Early in the fourth quarter, Krieg finds Largent for a 3-yard touchdown, capping off the Hall of Famer's 12-reception 191-yard effort. On the Seahawks ensuing possession, Norm Johnson boots his second field goal of the day from 28 yards out, and Seahawks have pulled out to a 27-17 lead. But, of course, no lead is safe when the opposing quarterback is John Elway. Elway led the Broncos down field and connected with Lang on a 9-yard touchdown pass to pull within three points of the Seahawks. With time running down, Elway drove the Broncos deep into Seattle territory to set up the game tying field goal with just a few ticks left on the clock. With game apparently headed into overtime, Denver kicker Rich Karlis doinks his kick off of the right upright, sealing the victory for the Seahawks.
Over the course of these 28 days, the Seattle Seahawks went 5-0 extending their winning streak to seven games, beat all four of their division rivals for a share of the AFC West lead, set three NFL records, won two Monday Night games, pitched back to back shutouts and set a franchise record for wins that stands to this day.
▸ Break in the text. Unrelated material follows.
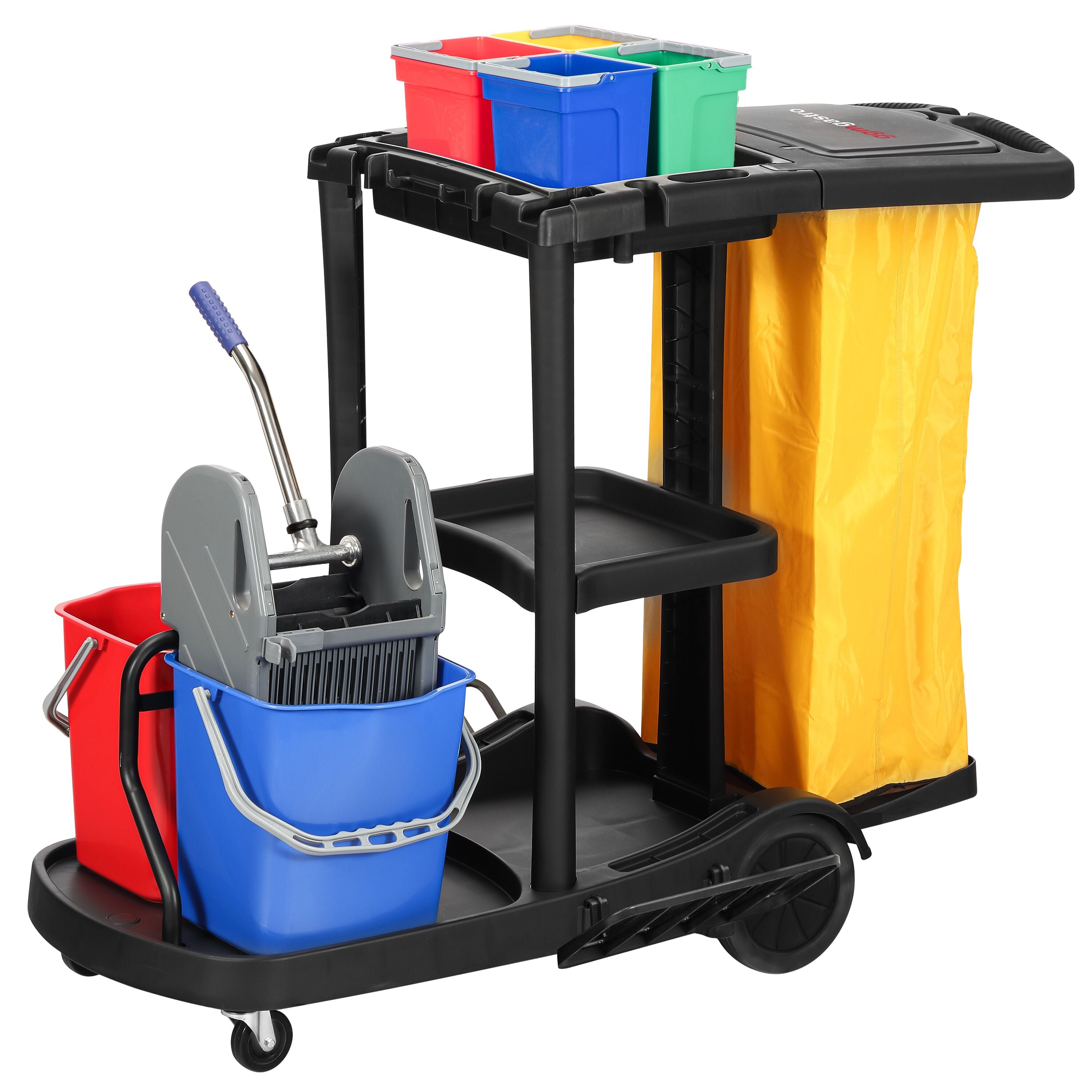 Rengjøringsvogn - med 6 beholdere, moppevrider og vaskepose - Svart

The Seahawks would extend their winning streak to eight by defeating the Detroit Lions before dropping the last two games of the season to make the Playoffs as a Wildcard. Seattle would defeat the Raiders in the Wild Card round, exacting revenge for the defeat in the 1983 AFC Championship Game. That game would mark the last time the Seahawks would win in the postseason.
But for 28 glorious days during October and November of 1984, the Seattle Seahawks were truly invincible.